Collected data
====
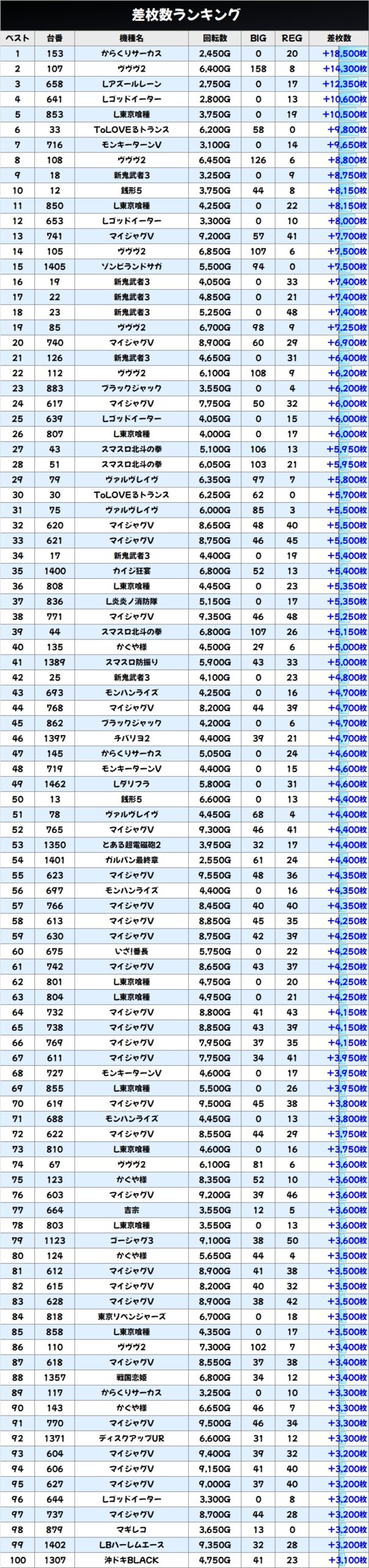 差枚数ランキング&島図をチェック!
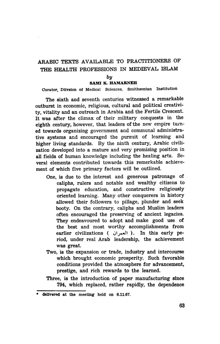 Arabic texts available to practitioners of the health professions in medieval Islam
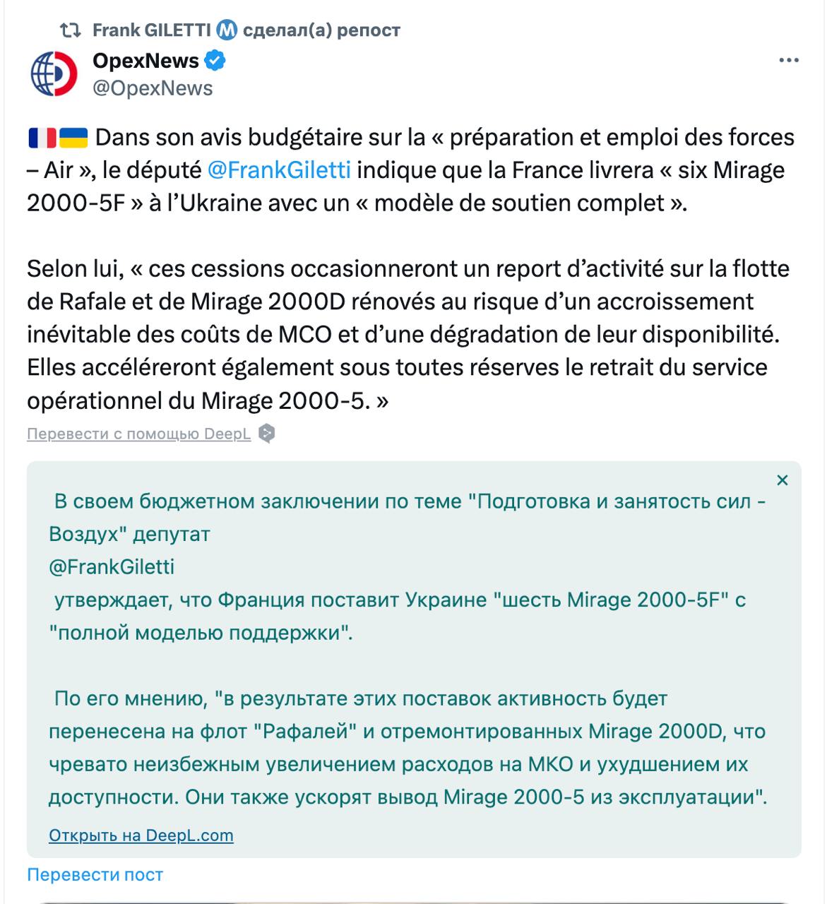 Французький парламентар запевняє, що літаки будуть передані "скоро". Раніше надходила інформація, що це станеться в першому кварталі майбутнього 2025 року. Очікується, що вони прибудуть вже у квітні.
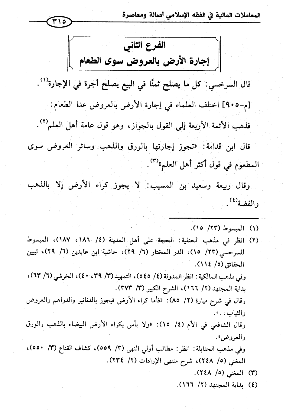الفرع الثاني إجارة الأرض بالعروض سوى الطعام
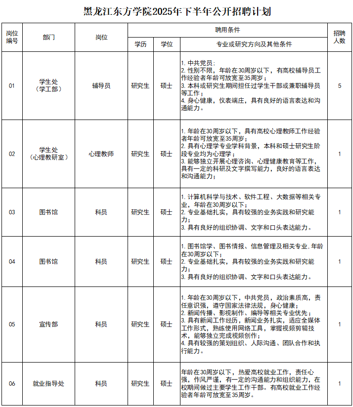 (一)报名方式:登录黑龙江东方学院简历投递平台(http://dfxy.zhanyiwangluo.com),应聘岗位编号见《黑龙江东方学院2025年下半年公开招聘计划》。
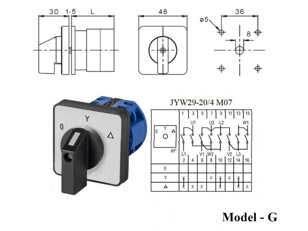 Otočný vačkový spínač pro rozběh motorů hvězda trojúhelník Model 0-Y-△.
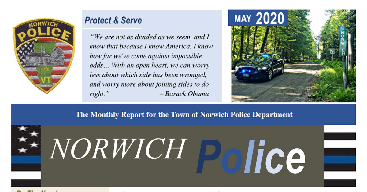 Good Morning Norwich and Upper Valley residents. I hope everyone is staying safe and enjoying life every day. I am posting the latest newsletter from the Norwich Police department so as to keep you informed. It is always loaded with the facts,guidance and advice you need to keep you safe. There is always a nice monthly report with updates of community events that take place and involve the community and the police.
====
TASK ITEM: From the first line of the records down through the line containing "Французький парламентар запевняє, що", transcribe exactly those lines and no others, both ends kept, pictures dropped.

EXERCISE RESULT:
 差枚数ランキング&島図をチェック!
 Arabic texts available to practitioners of the health professions in medieval Islam
 Французький парламентар запевняє, що літаки будуть передані "скоро". Раніше надходила інформація, що це станеться в першому кварталі майбутнього 2025 року. Очікується, що вони прибудуть вже у квітні.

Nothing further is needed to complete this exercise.